李煜挺直腰背,身子微微前倾,显然是很感兴趣。
“有多少人?”
几个山民使者一阵交头接耳的嘀咕,首座之人这才答道。
“关城内流民之数,总得有个四百上下。”
都是些男男女女,老弱很是罕见。
一方面是尸鬼嘴下难以幸存,另一方面就是出不了力的老弱很难得到接纳。
能被接纳的流民,恰恰都是经过仔细挑选的,要么身强力壮,要么手艺出众,再不济也得有副好皮囊,男女不限。
至于被拒之门外者,他们倒也是给了李煜一个答案。
“那些人大多都是寻了个边墙烽燧,收拾收拾就住了进去。”
“听说,有些墩楼、烽台还有地窖,里面的吃食兵甲仍旧完好,不过这这事儿也就是捕风捉影罢了。”
更类似于一种美好的幻想。
要是没这点儿念想,北境那些舍不得家中老弱的流民,岂不是连个奔头都没了?
怀揣着希望上路,总是好的。
至于结果,或许就不会那么尽善尽美了。
“哼......”
李煜嗤笑一声。
“老实说,你们这话我不大信。”
“诸位自知部族给养难以久持,还有余力开起善堂来了?”
像那般没赚头的事情,往往只有傻子才会去干。
不待他们辩解,李煜便抬手压了下去。
“不过......这笔烂账本官也确实插不上手。”
“都说清官难断家务事,本官也不是眼里揉不得沙子。”
“要说的话,诸位也算是护民有功......”
“可这关键,还是得看诸位的诚意啊!”
话都挑明了,要是再不知趣,那可就是与他作对,与朝廷作对!
这样的后果,却是在场众人不愿承受的。
“不敢!绝对不敢!”
众人连连告饶。
“虽不曾赡养,但外臣等总不至于吃人,愿者来,不愿者走,讲究个你情我愿啊!”
这倒是有个八成真。
......
除了少数情况下的精虫上脑,部族内的大部分人对外来者都有着本能的抗拒。
外面多来一张嘴,自己人就得少吃一口。
跟他们讲什么天下倾覆,倒不如明天往碗里多给一勺炖豆子——活人都给跟马儿争吃的了。
这也是不少马匹越来越瘦的原因,冬天经常啃干草,吃不到几口杂粮,不掉膘才怪。
最后之所以还是勉强收纳那些流民,也无非是为了那点儿壮劳力。
人多了,起码守城的时候有底气。
尸潮来了,好歹有个挣扎的余地。
而且出城砍伐的时候一次能多采伐一些,就能少走几趟远路,反倒更安全。
不得不出关冒险放牧的时候,草场周围能多派几帮手提防尸袭,就能有效防止剩下的这些牛羊被尸群驱散而丢失。
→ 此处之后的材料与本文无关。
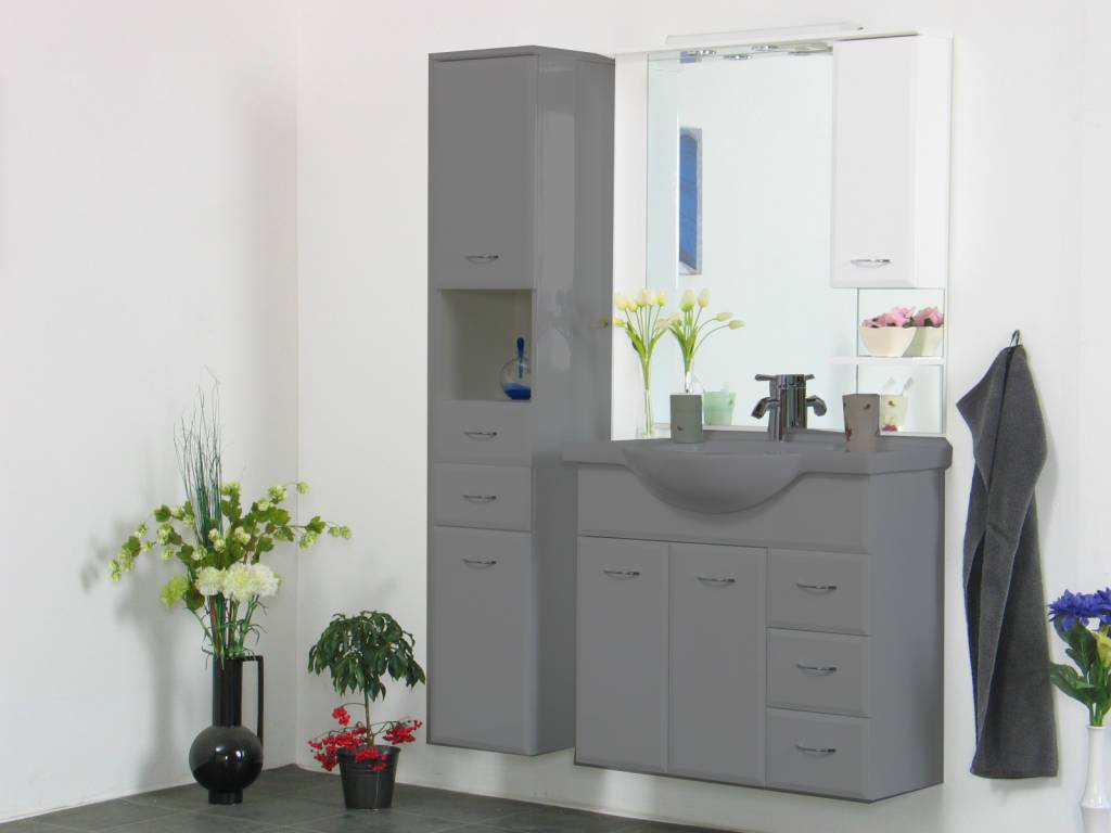 Let op: dit aanbod omvat de spiegel met kastje rechtsboven; het grijze badmeubel zelf is niet inbegrepen. De set is ook in zijn geheel verkrijgbaar. Neem bij twijfel gerust contact met ons op!

再不济......就算是不幸被尸群追杀,也能推出几个‘活饵’垫后,进而甩脱追杀不是?
总归是物有所值、利大于弊。
其实,一开始那些拖家带口的流民不到绝路,都不情愿往他们这处‘魔窟’里进。
还是有人从中说和,这才有了第一批吃螃蟹的流民带头。
这些中间人......便在山民诸部内部,有些以前朝廷派遣来的羁縻小吏私底下说和作保,二者才算是达成了今时今日的共生依附关系。
现如今出行时,小部族甚至会主动给其中一部分最信任的流民男丁发根枪矛护身,大小也算是个帮工。
尸鬼一来,好歹有个帮忙搏命的机会。
不过代价嘛,便是大部分老弱难以在这样的环境下安然存续。
冻死的、病死的、累死的、枉死的,谁又能说得清楚呢?
所谓的一人干活全家不饿,在镇北关内那都是空谈。
不过......若是有人能帮部族在危急时保住牛羊立下大功,便是那些草原部族也不吝于主动吸纳这位勇士,撮合他成家也不在话下,这人才算是翻了身。
有些流民身具多重身份,一些行脚医更是被奉为座上宾。
这般你中有我,我中有你的局面相当之复杂。
那些流民更像是卡在城内不同部族之间的润滑剂,细思之下竟还有些不可或缺的意味在里面。
甚至这些使者自己都说不清楚,李煜也是听得云里雾里。
不过有一点倒是很明确。
现在朝廷收复失地,时局稳了,这些流民对他们的用处自然就小了。
费了这么一番口舌,他们也不过就是为了证明自己对待流民多有善举。
现在,也是时候让流民回归朝廷的怀抱当中了......这就是诚意。
借花献佛这种事,向来不需要多大学问。
这样一来,他们甩脱了一群吃饭的嘴,顺便倒赚上一笔,这也是他们来此前就做好的盘算。
见他们如此坦诚,李煜也就交了个底。
“男女夫妻一对,本官可出五十石粮赎买。”
“若有父母儿女,则按人头相加,一人十石,上不封顶。”
“单男只二十石,单女同价。”
“这些......就算是本官代朝廷许的赈灾粮,补给诸位,也算是抚慰诸多归化义士救民之功。”
这笔买命钱,李煜开价很高。
对于流民当中尚有家室者,他是最看重的,此时开价高,便是保他们的命,不至于差在这临门一脚。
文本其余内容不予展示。